Although the U.S. Inspector General believes the EPA controls are incomplete and may have failed to protect human health when regulating biosolids,6 according to the Michigan Department of Environmental Quality:7

“Biosolids are one of the most studied materials that have ever been regulated by the U.S. Environmental Protection Agency (USEPA). Decades of studies have demonstrated that biosolids can be safely used for the production of crops.

The National Academy of Sciences has reviewed current practices, public health concerns, and regulator standards and has concluded that “the use of these materials in the production of crops for human consumption when practiced in accordance with existing federal guidelines and regulations, presents negligible risk to the consumer, to crop production and to the environment.”

EPA Unsure of Biosolid Safety

As Lewis describes in the video, none of the toxic organic chemicals regulated by the EPA is monitored in sewage sludge and only nine of 27 toxic heavy metals are monitored. According to a recently-published investigation by the Office of Inspector General, a broad list of potential threats have not been evaluated.

The agency has identified 352 chemical pollutants making their way out of wastewater treatment plants in treated biosolids, including pesticides, pharmaceuticals and solvents.8 Of these, 61 are listed as hazardous materials with known human effects. However, to date the EPA has not completed a risk assessment for any.

The industry argument is that biosolid fertilizers slowly release nitrogen and phosphorus as well as essential micronutrients, including nickel and copper. However, biosolids also contain pharmaceutical compounds, hormones, fire retardants and plasticizers. Once pumped onto farm lands and golf courses they can be washed into local water sources, ending up in the food chain.9

As Lewis explains, once these chemicals have dissolved in fat they bioaccumulate and can become neurotoxic. According to the EPA, nearly half of the biosolids generated in the U.S. are ultimately applied to populated areas. The other half may be sent to incinerators or landfills.10

While the EPA has consistently monitored biosolids for nine regulated substances, they lack any data to determine the safety of hundreds of others found in the material.

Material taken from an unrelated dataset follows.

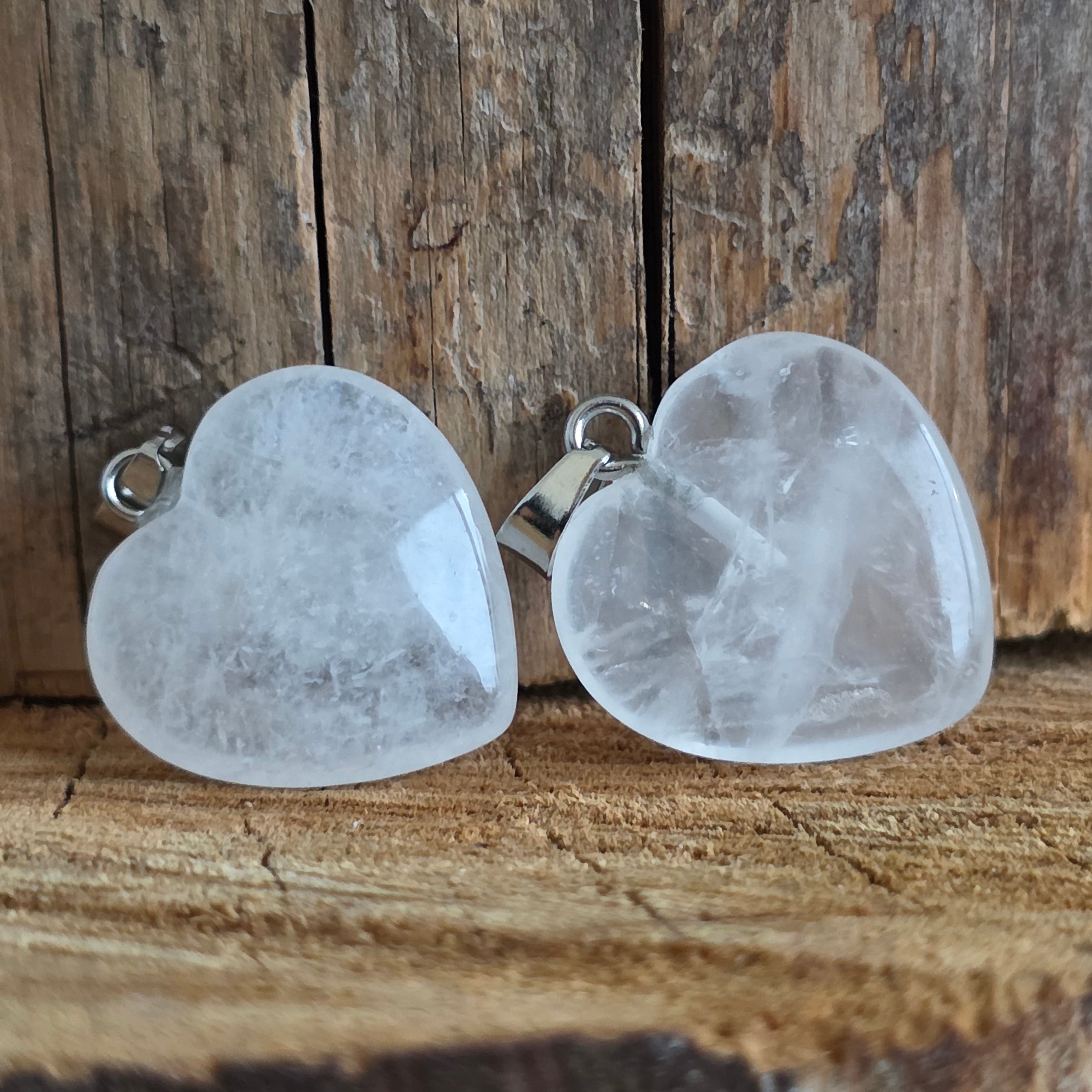 Colgante de corazón de cuarzo incoloro / cuarzo de roca

The EPA formally responded to the Inspector General’s office, attempting to negate the potential effects on human health, saying,11 “The occurrence of pollutants and biosolids does not necessarily mean that those pollutants pose a risk to public health and the environment.”

The city of Lacrosse, Wisconsin, located on the Mississippi River, reportedly dumps 12 million gallons of biosolids a year on surrounding fields.12 The city does not test wastewater or solids for emerging contaminants, including those mentioned by the inspector general in its audit.

Reminiscent of comments made after widespread lead contamination in water supplying Flint, Michigan, was discovered,13 Jared Greeno, wastewater treatment plant superintendent, said:14 “At this time, we’re not required by DNR, so we haven’t done those tests.”

How Industrial Pollution Moved From Waterways to Farmland

Lewis recalls the old slogan, “The solution to pollution is dilution,” used to describe why industrial wastewater was pumped directly into streams and rivers, for eventual dilution in the oceans.

Today, the process of using biosolids spreads pollution on golf courses, school grounds and farmlands, concentrating the toxins’ effects and exposing large vulnerable populations to concentrated hazardous material.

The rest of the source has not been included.